(BRIEF)
Using the listing below, output only the lines from the one that contains "Friday, we were" through the one that contains "Buddha bowl with", inclusive, exactly as given and without images.

(INPUT RECORDS)

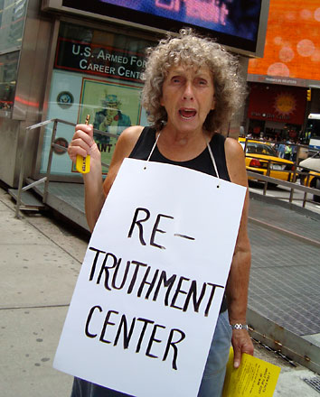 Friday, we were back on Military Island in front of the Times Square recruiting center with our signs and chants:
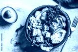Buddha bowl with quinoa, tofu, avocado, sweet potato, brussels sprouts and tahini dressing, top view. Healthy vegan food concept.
* * *
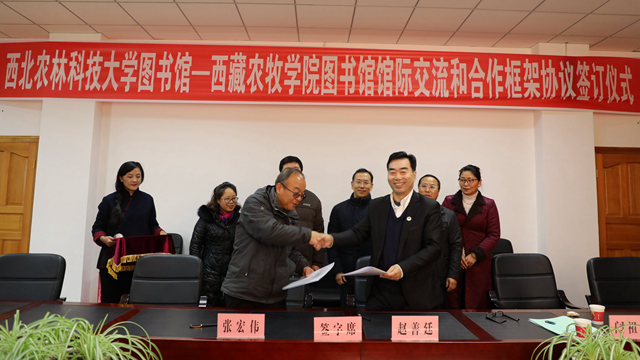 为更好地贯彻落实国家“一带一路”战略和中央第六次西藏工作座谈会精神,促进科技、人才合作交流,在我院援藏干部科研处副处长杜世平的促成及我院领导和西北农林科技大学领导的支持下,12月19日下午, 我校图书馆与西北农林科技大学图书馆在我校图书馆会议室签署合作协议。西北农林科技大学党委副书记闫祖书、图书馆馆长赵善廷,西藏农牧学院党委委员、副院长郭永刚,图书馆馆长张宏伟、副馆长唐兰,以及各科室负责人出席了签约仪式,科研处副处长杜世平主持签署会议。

(EXPECTED OUTPUT)
 Friday, we were back on Military Island in front of the Times Square recruiting center with our signs and chants:
Buddha bowl with quinoa, tofu, avocado, sweet potato, brussels sprouts and tahini dressing, top view. Healthy vegan food concept.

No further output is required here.